Configuration model (high level)

  • Config is loaded from the provided TOML file and can merge additional files from proxy.pipelines_path and proxy.transforms_path relative to the base config directory.
  • Major sections: proxy, network, pipelines, endpoints, backends, middleware/middleware_types, services, targets, storage, transforms.
  • Validation enforces: proxy ID and log level; per-network interface/HTTP constraints; pipeline endpoints exist; middleware_types are known or specified via module; targets have non-empty URLs; storage backend options are valid.
  • See: src/config/config.rs and docs/configuration.md.

Pipelines and middleware

  • Pipelines bind networks to endpoints and an ordered set of middleware/services.
  • Built-in middleware types include: jwtauth, auth, connect, passthru, json_extractor, jmix_builder, dicomweb_to_dicom, dicomweb, transform.
  • JWT guidance: prefer RS256 in production, enforce algorithm, validate exp/nbf/iat, iss/aud as applicable. HS256 is for development/tests only.

JMIX and schema path

  • The JMIX schema directory used by validation or transforms is configurable and may be placed outside the repo (e.g., ../jmix). Ensure paths in config reference your chosen location.

Storage and tmp

  • Filesystem storage defaults to a project-local ./tmp directory. Favor ./tmp for all temporary files. The path may be configurable via storage options.

Testing notes

  • Strategy: unit/integration tests should be fast and deterministic. See docs/testing.md.
  • DIMSE integration: DCMTK processes may be spawned; artifacts are written under ./tmp with per-test UUIDs.

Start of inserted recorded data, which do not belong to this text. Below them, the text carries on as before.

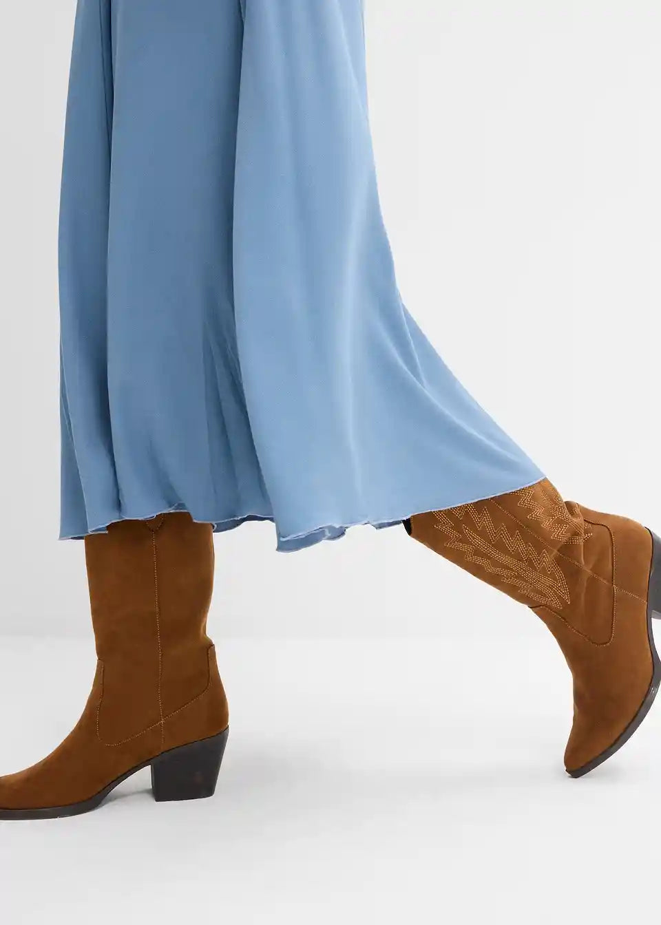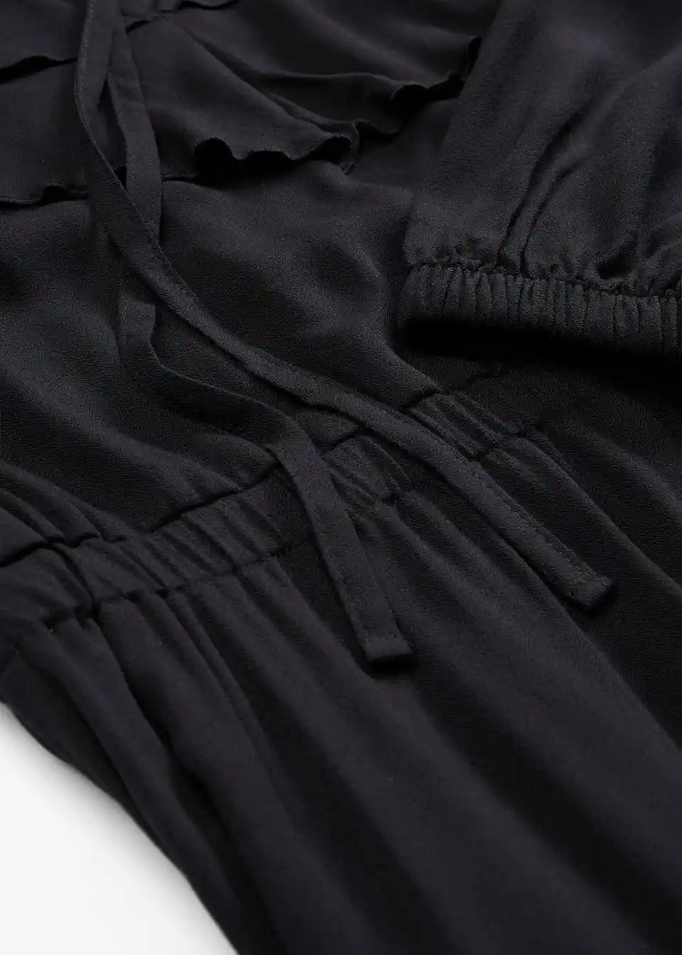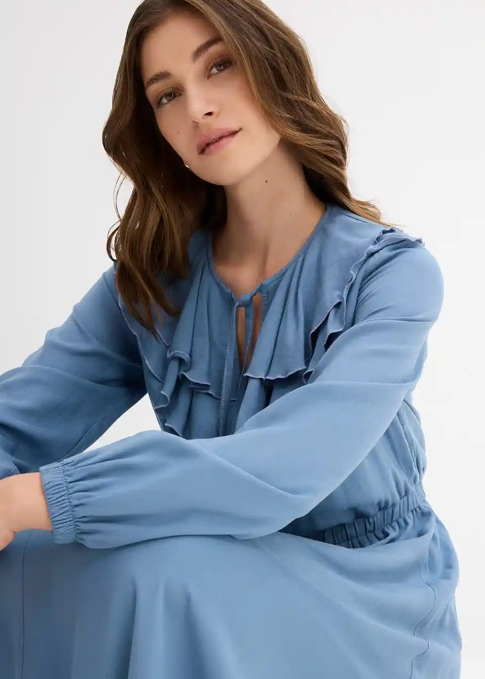 Dolga obleka z lepim ovratnikom in volanastim krilom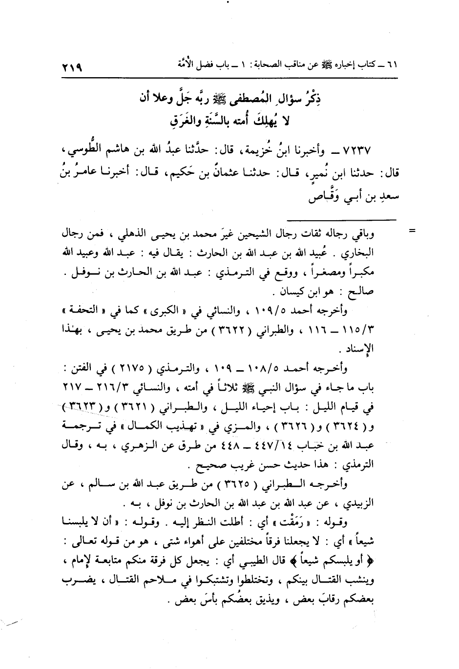 7237- وأخبرنا بْنِ خُزَيْمَةَ قَالَ: حَدَّثَنَا عَبْدُ اللَّهِ بْنُ هَاشِمٍ الطُّوسِيُّ قَالَ: حَدَّثَنَا ابْنُ نُمَيْرٍ قَالَ: حَدَّثَنَا عُثْمَانُ بْنُ حَكِيمٍ قَالَ: أَخْبَرَنَا عَامِرِ بْنِ سَعْدِ بْنِ أَبِي وَقَّاصٍ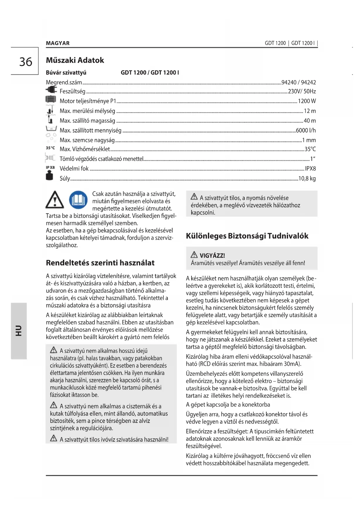 Csak azután használja a szivattyút, miután gyelmesen elolvasta és megértette a kezelési útmutatót. Tartsa be a biztonsági utasításokat. Viselkedjen gyel- mesen harmadik személlyel szemben. Az esetben, ha a gép bekapcsolásával és kezelésével kapcsolatban kételyei támadnak, forduljon a szerviz- szolgálathoz. Rendeltetés szerinti használat A szivattyú kizárólag víztelenítésre, valamint tartályok át- és kiszivattyúzására való a házban, a kertben, az udvaron és a mezőgazdaságban történő alkalma- zás során, és csak vízhez használható. Tekintettel a műszaki adatokra és a biztonsági utasításra A készüléket kizárólag az alábbiakban leírtaknak megfelelően szabad használni. Ebben az utasításban foglalt általánosan érvényes előírások mellőzése következtében beállt károkért a gyártó nem felelős A szivattyú nem alkalmas hosszú idejű használatra (pl. halas tavakban, vagy patakokban cirkulációs szivattyúként). Ez esetben a berendezés élettartama jelentősen csökken. Ha ilyen munkára akarja használni, szerezzen be kapcsoló órát, s a munkaciklusok közé megfelelő tartamú pihenési fázisokat iktasson be. A szivattyú nem alkalmas a ciszternák és a kutak túlfolyása ellen, mint állandó, automatikus biztosíték, sem a pince térségben az alvíz színtjének a regulációjára. A szivattyút tilos ivóvíz szivatására használni! Műszaki Adatok Búvár szivattyú GDT 1200 / GDT 1200 I Megrend.szám ....................................................................................................................................................................94240 / 94242 Feszültség ......................................................................................................................................................................230V/ 50Hz Motor teljesítménye P1 .....................................................................................................................................................1200 W Max. merülési mélység ..........................................................................................................................................................12 m Max. szállító magasság ..........................................................................................................................................................40 m Max. szállított mennyiség ...............................................................................................................................................6000 l/h Max. szemcse nagyság ..........................................................................................................................................................1 mm Max. Vízhőmérséklet ................................................................................................................................................................ 35°C Tömlő végződés csatlakozó menettel ..........................................................................................................................................1“ Védelmi fok .................................................................................................................................................................................IPX8 Súly ............................................................................................................................................................................................10,8 kg A szivattyút tilos, a nyomás növelése érdekében, a meglévő vízvezeték hálózathoz kapcsolni. Különleges Biztonsági Tudnivalók VIGYÁZZ! Áramütés veszélye! Áramütés veszélye áll fenn! A készüléket nem használhatják olyan személyek (be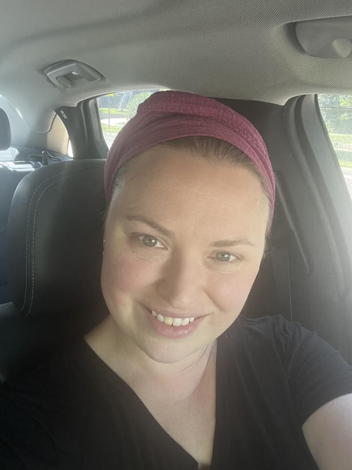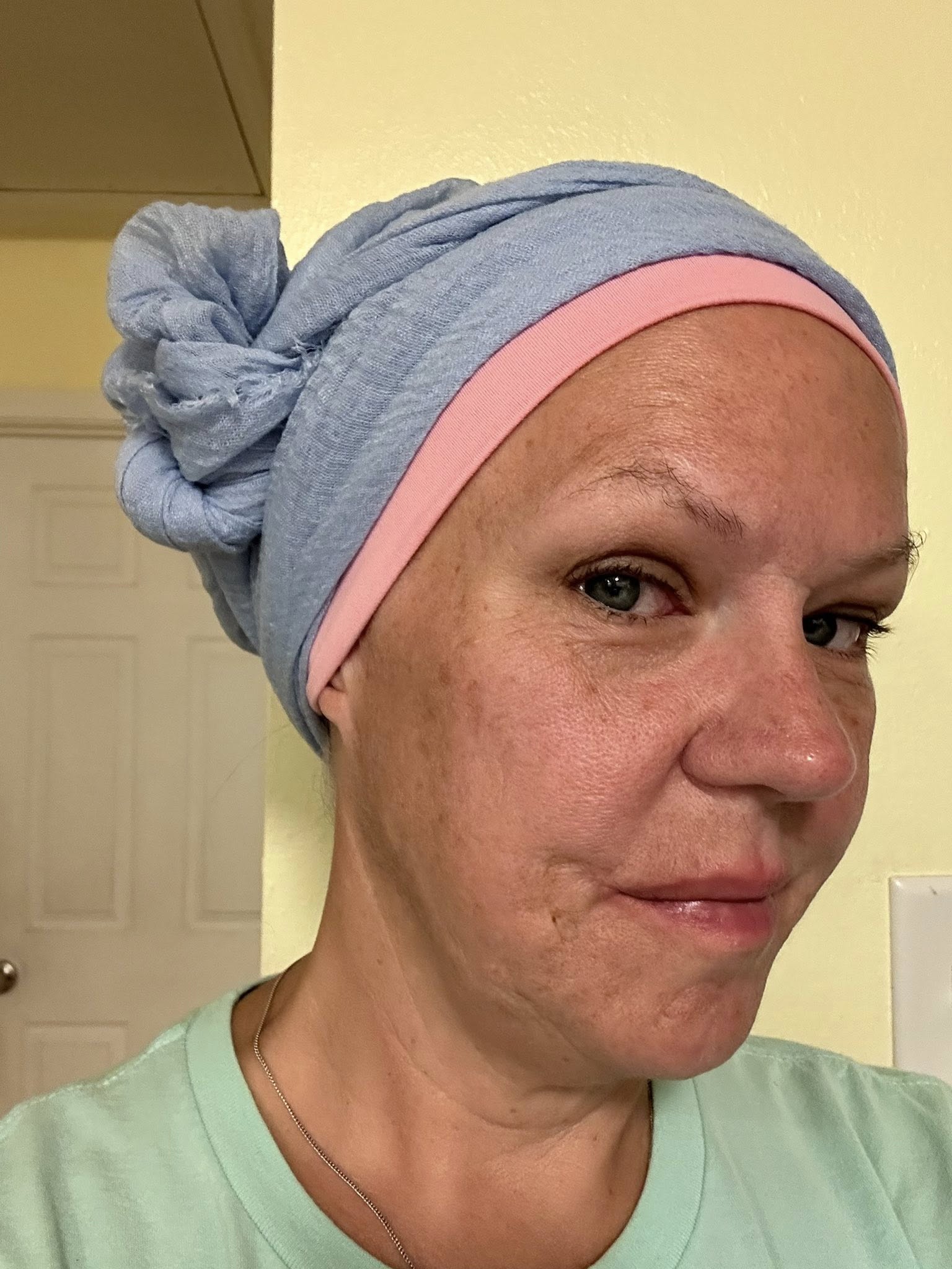 Ah yes, here we are trying to do a bun wrap without a bun or a shaper and feeling like we might have a defective skull. But I already look happier; this might be my first head hug.
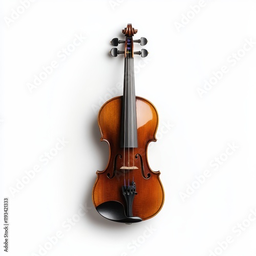 Fototapeta premium A detailed close-up of a violin resting on a white surface, accompanied by a...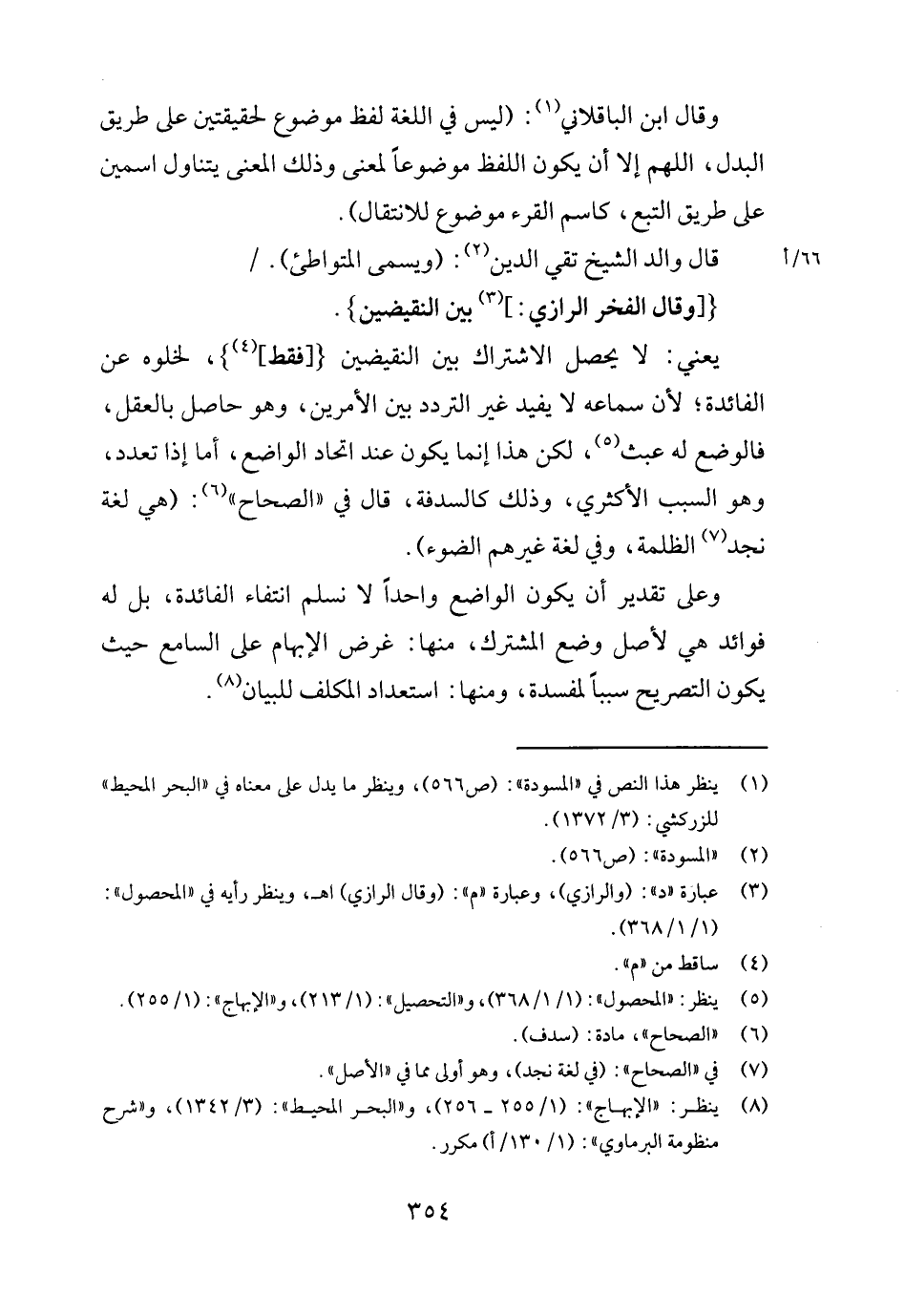 يَعْنِي: لَا يحصل الِاشْتِرَاك بَين النقيضين { [فَقَط] } ، لخلوه عَن الْفَائِدَة؛ لِأَن سَمَاعه لَا يُفِيد غير التَّرَدُّد بَين الْأَمريْنِ، وَهُوَ حَاصِل بِالْعقلِ، فالوضع لَهُ عَبث، لَكِن هَذَا إِنَّمَا يكون عِنْد اتِّحَاد الْوَاضِع، أما إِذا تعدد، وَهُوَ السَّبَب الأكثري، وَذَلِكَ كالسدفة، قَالَ فِي " الصِّحَاح ": (هِيَ لُغَة نجد الظلمَة، وَفِي لُغَة غَيرهم الضَّوْء) .

Enable verbose DIMSE output with HARMONY_TEST_VERBOSE_DCMTK=1. Additional debugging: HARMONY_TEST_DEBUG=1.
  • Sample data: samples/ and dev/samples/ contain example inputs.

Security considerations

  • Encryption: the project uses AES-256-GCM where applicable, with ephemeral public key, IV, and authentication tag encoded in base64.
  • Credentials and secrets: do not commit. Load via environment variables or secret managers. Prefer least-privilege file permissions.
  • JWT: in production, require RS256 with strict algorithm checks and claim validation.
  • Temporary files: prefer ./tmp within the working directory.
  • See docs/security.md for more detail.

Commit and PR hygiene

  • Use Conventional Commits for messages (e.g., feat:, fix:, docs:, refactor:, test:, build:, ci:, chore:, perf:, style:, revert:). Keep PRs focused; avoid mixing unrelated changes.
  • Trunk-based development: open feature branches targeting main.
  • Tests, lint, and fmt should pass locally before opening a PR.